Prompt: With the images left out, print every entry that follows exactly.

BEGIN

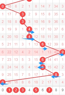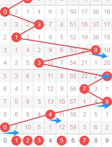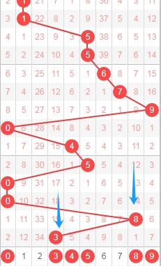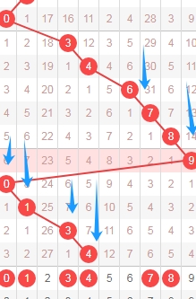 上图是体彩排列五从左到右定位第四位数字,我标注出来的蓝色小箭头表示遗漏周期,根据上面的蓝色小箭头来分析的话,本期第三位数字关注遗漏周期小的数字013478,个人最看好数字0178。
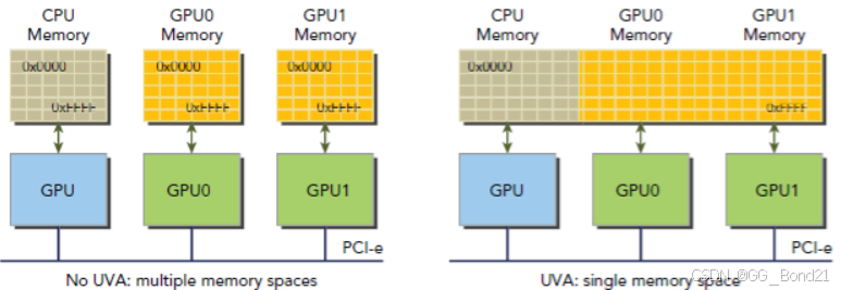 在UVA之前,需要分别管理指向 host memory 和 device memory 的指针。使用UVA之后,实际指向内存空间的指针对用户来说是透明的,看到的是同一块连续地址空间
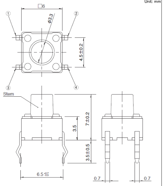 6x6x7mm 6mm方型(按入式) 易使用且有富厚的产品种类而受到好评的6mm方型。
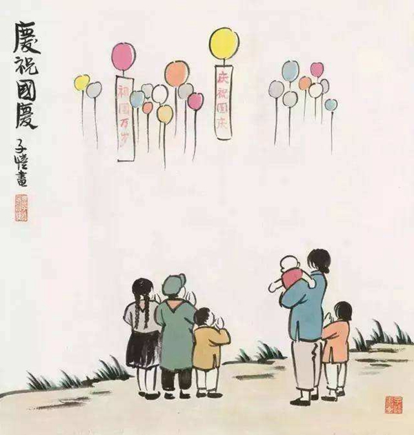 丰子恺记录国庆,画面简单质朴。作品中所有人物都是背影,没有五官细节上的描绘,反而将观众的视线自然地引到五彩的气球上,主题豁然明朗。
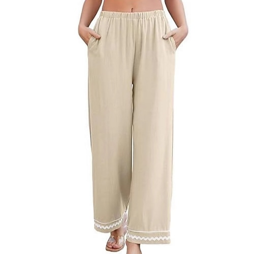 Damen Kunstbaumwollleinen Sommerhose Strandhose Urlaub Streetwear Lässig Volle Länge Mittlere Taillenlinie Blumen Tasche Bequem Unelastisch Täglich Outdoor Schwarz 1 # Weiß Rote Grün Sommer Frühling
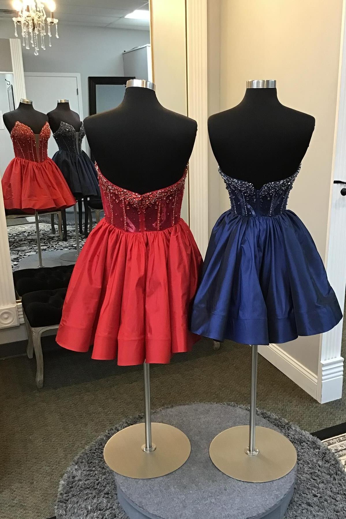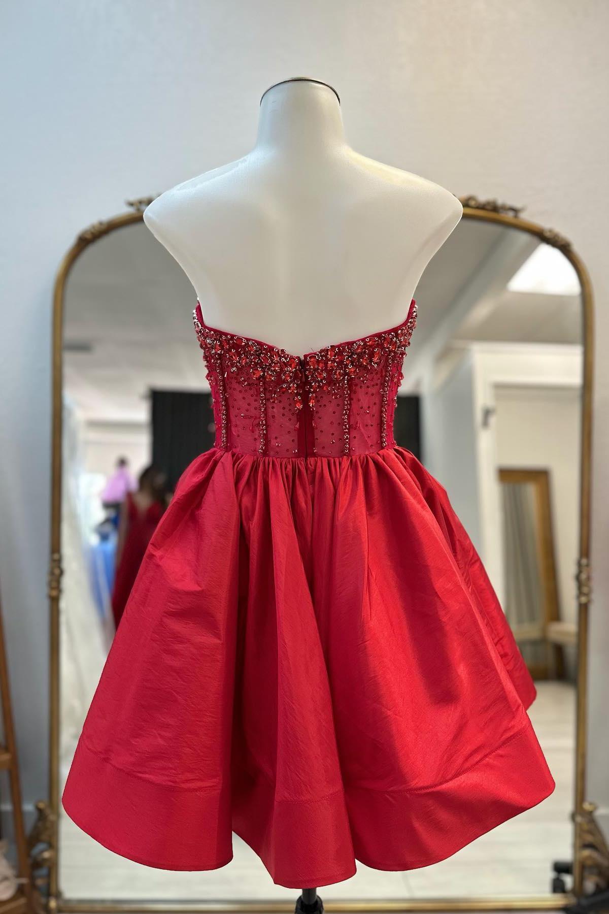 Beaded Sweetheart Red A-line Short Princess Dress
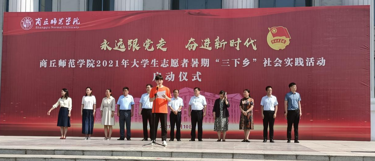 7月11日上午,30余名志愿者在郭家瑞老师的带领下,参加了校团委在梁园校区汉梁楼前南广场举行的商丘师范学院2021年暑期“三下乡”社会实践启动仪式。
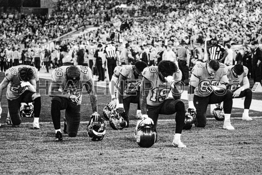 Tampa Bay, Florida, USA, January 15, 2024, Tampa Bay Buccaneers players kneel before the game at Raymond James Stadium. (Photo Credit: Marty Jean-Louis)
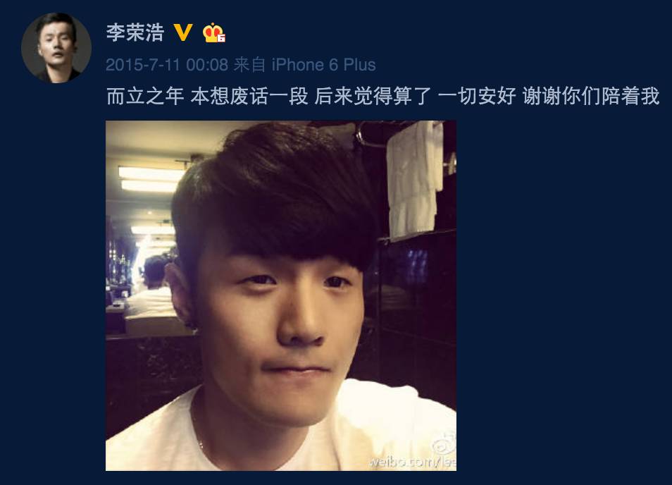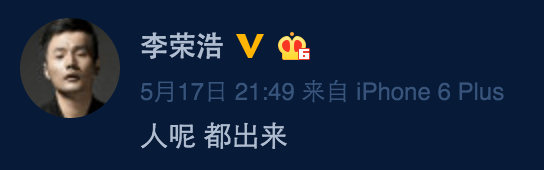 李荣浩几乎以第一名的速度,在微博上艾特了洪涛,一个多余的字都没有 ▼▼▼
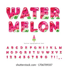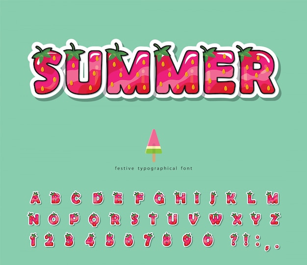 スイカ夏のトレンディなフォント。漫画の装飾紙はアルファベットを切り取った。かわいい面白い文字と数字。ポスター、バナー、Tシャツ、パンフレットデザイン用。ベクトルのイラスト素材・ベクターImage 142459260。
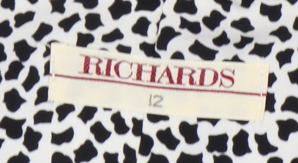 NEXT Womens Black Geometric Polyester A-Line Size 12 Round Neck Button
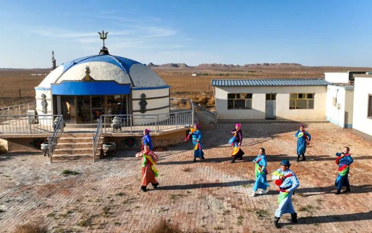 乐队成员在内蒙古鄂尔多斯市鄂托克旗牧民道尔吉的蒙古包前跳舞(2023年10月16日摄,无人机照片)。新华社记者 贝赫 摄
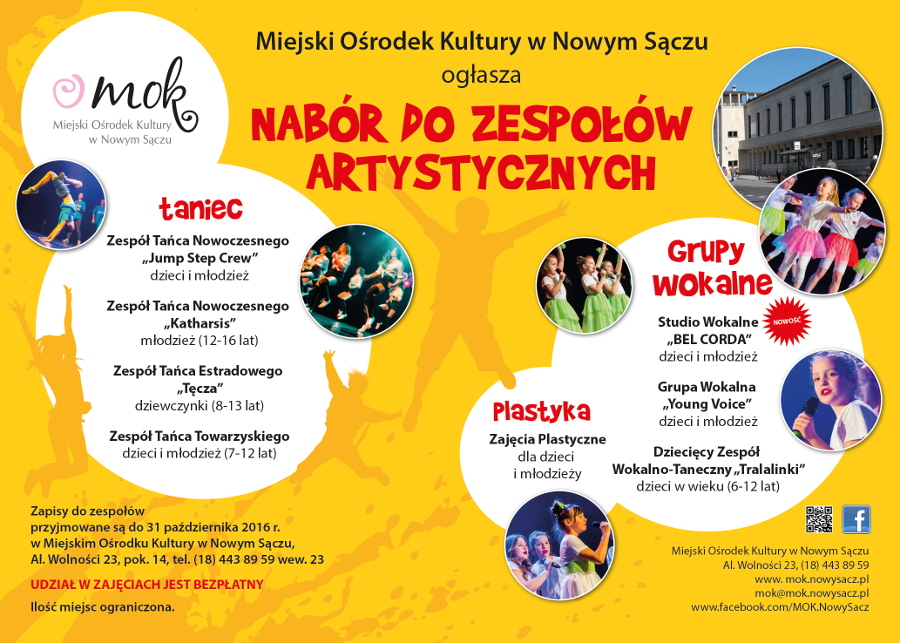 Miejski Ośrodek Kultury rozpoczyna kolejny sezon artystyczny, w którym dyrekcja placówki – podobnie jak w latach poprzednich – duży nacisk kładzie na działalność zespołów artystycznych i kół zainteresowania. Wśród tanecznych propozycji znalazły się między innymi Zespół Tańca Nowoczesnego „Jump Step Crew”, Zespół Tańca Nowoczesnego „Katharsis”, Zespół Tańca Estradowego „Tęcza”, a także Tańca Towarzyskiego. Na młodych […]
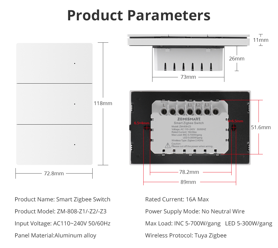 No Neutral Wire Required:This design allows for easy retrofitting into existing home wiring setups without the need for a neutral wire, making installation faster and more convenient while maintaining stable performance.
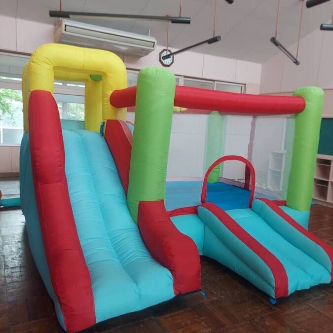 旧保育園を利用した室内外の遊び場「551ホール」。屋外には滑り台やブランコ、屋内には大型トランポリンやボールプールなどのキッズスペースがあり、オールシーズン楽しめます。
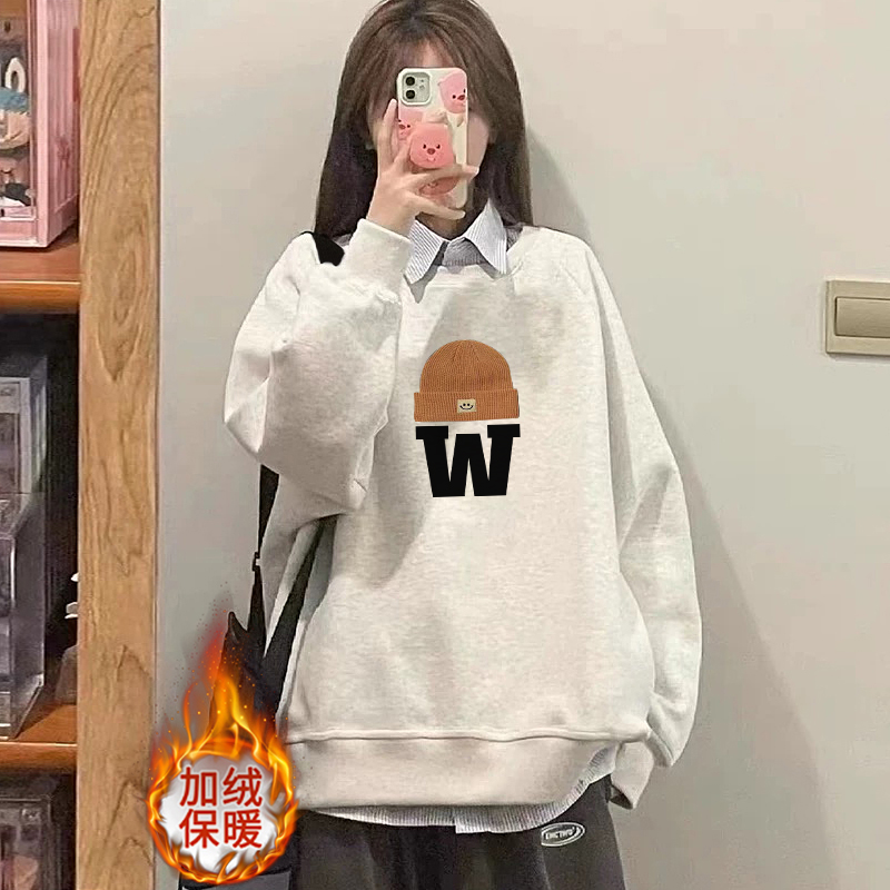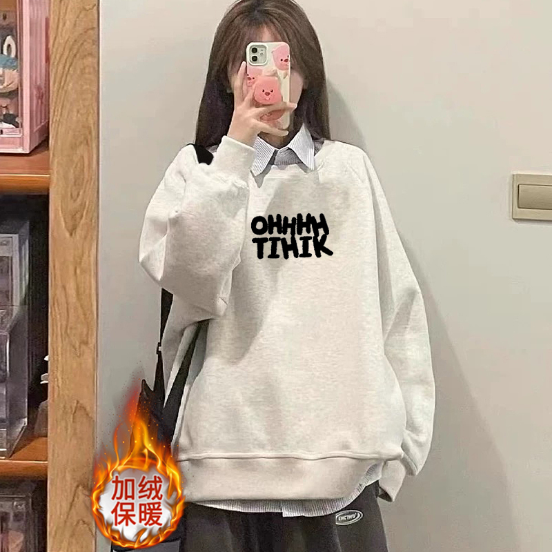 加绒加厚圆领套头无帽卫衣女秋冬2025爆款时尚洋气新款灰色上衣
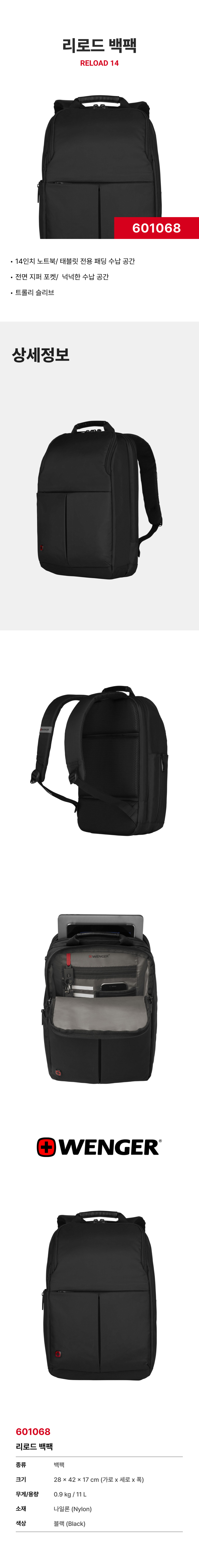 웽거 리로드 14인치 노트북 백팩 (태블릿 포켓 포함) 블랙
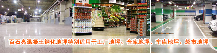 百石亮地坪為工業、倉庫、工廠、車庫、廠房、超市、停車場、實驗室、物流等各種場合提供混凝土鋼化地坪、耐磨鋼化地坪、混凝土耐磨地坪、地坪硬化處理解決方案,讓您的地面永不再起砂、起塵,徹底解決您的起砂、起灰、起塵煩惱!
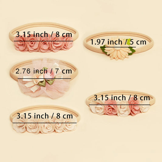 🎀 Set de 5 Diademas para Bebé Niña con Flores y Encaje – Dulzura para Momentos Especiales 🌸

END

Exercise answer:
 上图是体彩排列五从左到右定位第四位数字,我标注出来的蓝色小箭头表示遗漏周期,根据上面的蓝色小箭头来分析的话,本期第三位数字关注遗漏周期小的数字013478,个人最看好数字0178。
 在UVA之前,需要分别管理指向 host memory 和 device memory 的指针。使用UVA之后,实际指向内存空间的指针对用户来说是透明的,看到的是同一块连续地址空间
 6x6x7mm 6mm方型(按入式) 易使用且有富厚的产品种类而受到好评的6mm方型。
 丰子恺记录国庆,画面简单质朴。作品中所有人物都是背影,没有五官细节上的描绘,反而将观众的视线自然地引到五彩的气球上,主题豁然明朗。
 Damen Kunstbaumwollleinen Sommerhose Strandhose Urlaub Streetwear Lässig Volle Länge Mittlere Taillenlinie Blumen Tasche Bequem Unelastisch Täglich Outdoor Schwarz 1 # Weiß Rote Grün Sommer Frühling
 Beaded Sweetheart Red A-line Short Princess Dress
 7月11日上午,30余名志愿者在郭家瑞老师的带领下,参加了校团委在梁园校区汉梁楼前南广场举行的商丘师范学院2021年暑期“三下乡”社会实践启动仪式。
 Tampa Bay, Florida, USA, January 15, 2024, Tampa Bay Buccaneers players kneel before the game at Raymond James Stadium. (Photo Credit: Marty Jean-Louis)
 李荣浩几乎以第一名的速度,在微博上艾特了洪涛,一个多余的字都没有 ▼▼▼
 スイカ夏のトレンディなフォント。漫画の装飾紙はアルファベットを切り取った。かわいい面白い文字と数字。ポスター、バナー、Tシャツ、パンフレットデザイン用。ベクトルのイラスト素材・ベクターImage 142459260。
 NEXT Womens Black Geometric Polyester A-Line Size 12 Round Neck Button
 乐队成员在内蒙古鄂尔多斯市鄂托克旗牧民道尔吉的蒙古包前跳舞(2023年10月16日摄,无人机照片)。新华社记者 贝赫 摄
 Miejski Ośrodek Kultury rozpoczyna kolejny sezon artystyczny, w którym dyrekcja placówki – podobnie jak w latach poprzednich – duży nacisk kładzie na działalność zespołów artystycznych i kół zainteresowania. Wśród tanecznych propozycji znalazły się między innymi Zespół Tańca Nowoczesnego „Jump Step Crew”, Zespół Tańca Nowoczesnego „Katharsis”, Zespół Tańca Estradowego „Tęcza”, a także Tańca Towarzyskiego. Na młodych […]
 No Neutral Wire Required:This design allows for easy retrofitting into existing home wiring setups without the need for a neutral wire, making installation faster and more convenient while maintaining stable performance.
 旧保育園を利用した室内外の遊び場「551ホール」。屋外には滑り台やブランコ、屋内には大型トランポリンやボールプールなどのキッズスペースがあり、オールシーズン楽しめます。
 加绒加厚圆领套头无帽卫衣女秋冬2025爆款时尚洋气新款灰色上衣
 웽거 리로드 14인치 노트북 백팩 (태블릿 포켓 포함) 블랙
 百石亮地坪為工業、倉庫、工廠、車庫、廠房、超市、停車場、實驗室、物流等各種場合提供混凝土鋼化地坪、耐磨鋼化地坪、混凝土耐磨地坪、地坪硬化處理解決方案,讓您的地面永不再起砂、起塵,徹底解決您的起砂、起灰、起塵煩惱!
 🎀 Set de 5 Diademas para Bebé Niña con Flores y Encaje – Dulzura para Momentos Especiales 🌸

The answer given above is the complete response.